Another important feature of polymer/layered silicate nanocomposites is their gas-barrier properties. Clays are believed to increase the barrier properties by creating a maze or 'tortuous path' (Figure 34) that retards the progress of the gas molecules through the matrix26. This can be illustrated by the polyimide/clay nanocomposite, which showed significantly improved barrier properties210, 255. This system, containing only a small fraction of OMLS (organically modified layered silicates), exhibited reduction in the permeability of small molecule gases, e.g. O2, H2O, He, CO2 and ethylacetate vapours210. For example, at 2 wt. (%) clay loading, the permeability coefficient of water vapour was decreased ten-fold with synthetic mica relative to pristine polyimide. Figure 35 shows the oxygen gas permeability measurements for PLA/OMLS nanocomposites (PLA = polylactide)263. The relative permeability coefficient value, i.e. PPLACN = PPLA, where PPLACN and PPLA are permeability coefficients of nanocomposite and pure PLA respectively, is plotted as a function of the wt. (%) of OMLS. Data were fitted with the Nielsen theoretical expression263. There is a significant decrease in the O2 permeability for the nanocomposites, which is more pronounced at higher clay contents. Polyurethane urea (PUU)/OMLS nanocomposites also reported reduced H2O vapour permeability.

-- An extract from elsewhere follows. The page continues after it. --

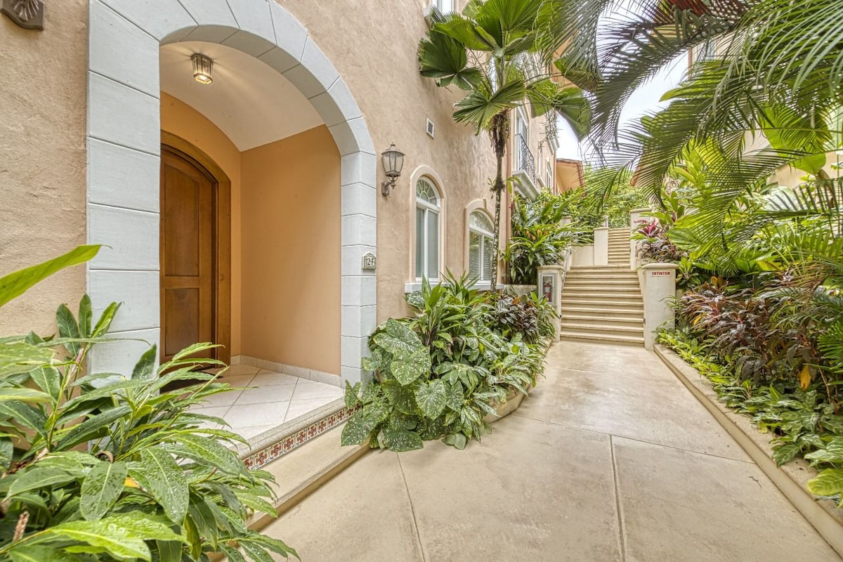 Հանգստացեք այս ընտանիքի համար հարմար 2 սենյականոց հանգստավայրում, որը գտնվում է շուրջօրյա անվտանգության ծառայությամբ, տեսախցիկներով, հանգիստ լողավազաններով և լեռնային տեսարաններով անվտանգ, ցանկապատված համայնքում։ Վայելեք օդորակիչ, 250 Մբիթ/վ արագությամբ Wi-Fi՝ մարտկոցի 3 ժամ տևողությամբ պահեստային սնուցմամբ, իսպանական հեռուստատեսություն և ռոբոտ-փոշեկուլ։ Լիովին կահավորված է մասնավոր պատշգամբով, մոտակայքում կա շուրջօրյա խանութ և տեղական գազավորված ըմպելիքներ։ Uber-ի արագ ուղևորություններով կարելի է հասնել քաղաքի կենտրոն և լողափ։ Այն նախագծել է Jacó Walk-ի հեղինակը։ Հիացեք ճարտարապետական շքեղ մանրամասներով։ Մենք համագործակցում ենք լիցենզավորված, ապահովագրված տրանսպորտային և տուրիստական ընկերությունների հետ։

The effect of different types/shapes of fillers (2 wt. (%)) such as organoclay, either exfoliated montmorillonite, synthetic mica or intercalated clay tactoids (hectorite and saponite), on water permeability of both partially and totally exfoliated polyimide-based nanocomposites has been reported by Yano et al.255. Results of this study are given in Figure 36, where one can observe a drastic decrease in relative permeability with the increasing length of the clay. In other words, the best gas barrier properties will be obtained by fully exfoliated rather than long layered silicates. Consequently, the presence of spherical, plate, cylindrical, etc., fillers introduces a tortuous path for a diffusing penetrant. The reduction of permeability arises from the longer diffusive path that the penetrants have to travel in the presence of reinforcements.

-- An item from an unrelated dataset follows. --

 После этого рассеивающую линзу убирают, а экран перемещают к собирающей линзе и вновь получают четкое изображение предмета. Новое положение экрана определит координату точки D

Nanocomposites systems have also shown to be able to increase the ionic conductivity of polyethylene oxide (PEO)167. The PEO/Li-montmorillonite 60 wt. (%) intercalated nanocomposite showed a significant improvement regarding the stability of ionic conductivity at lower temperature compared to a conventional PEO/LiBF4 mixture (Figure 37)167.



This improvement is due to the fact that PEO is not able to crystallize when intercalated. This eliminates the presence of crystallites, which are non-conductive in nature. The conductivity of PEO/Li-montmorillonite nanocomposite is 1.6 x 10-6 Ω .cm-1 at 333 K and exhibits weak temperature dependence, with an activation energy of 2.8 kcal/mol. Therefore, the higher ionic conductivity at ambient temperature compared to conventional LiBF4/PEO electrolytes and the single ionic conductor behaviour makes PEO/Li-montmorillonite nanocomposite a new promising electrolyte material.

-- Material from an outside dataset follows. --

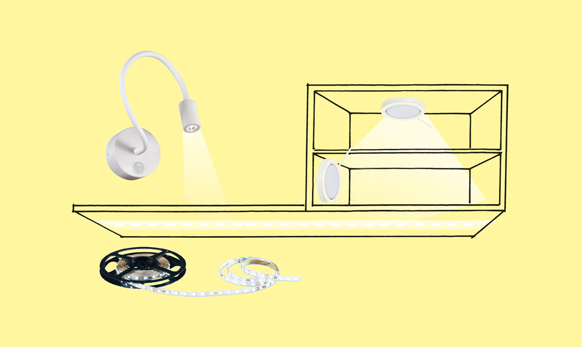 I pensili e le credenze per le stoviglie possono risultare bui a causa della loro profondità o per l’ombra causata dall’anta. Il problema si risolve illuminando i pensili dall’interno con piccoli faretti adesivi. La stessa soluzione è perfetta per valorizzare il contenuto in una credenza a vetrina.

Another outstanding feature of polymer nanocomposites prepared with OMLS as reinforcements is their noticeably improved biodegradability properties. Figure 38 shows real pictures of PLA/MMT 4 wt. (%) nanocomposites and their biodegradability process. Figure 39 shows the time dependence of the residual weight of the reinforcement (Rw) and the matrix molecular weight (Mw) for PLA and PLA/4 wt. % MMT under compost at 58 ± 2 °C 263,265.





It is very clear that the biodegradability of PLA is significantly enhanced after the incorporation of MMT. Within one month, both the Mw and the percentage of weight loss are at the same level for neat PLA and PLA/MMT 4 wt. (%). A sharp change then occurs in the weight loss of PLA/MMT 4 wt. (%) after one month. Finally, the nanocomposite is completely degraded after 2 months. This behaviour is accounted for the presence of terminal hydroxylated edge groups in the silicate layers, which start heterogeneous hydrolysis of the PLA matrix after absorbing water. Since this process takes time to start, the weight loss and degree of hydrolysis for PLA and PLA/4 wt. (%) MMT are almost the same up to 1 month. Other systems which showed large improvements in their biodegradability are PCL/OMLS and aliphatic polyester-based nanocomposites18,26,266.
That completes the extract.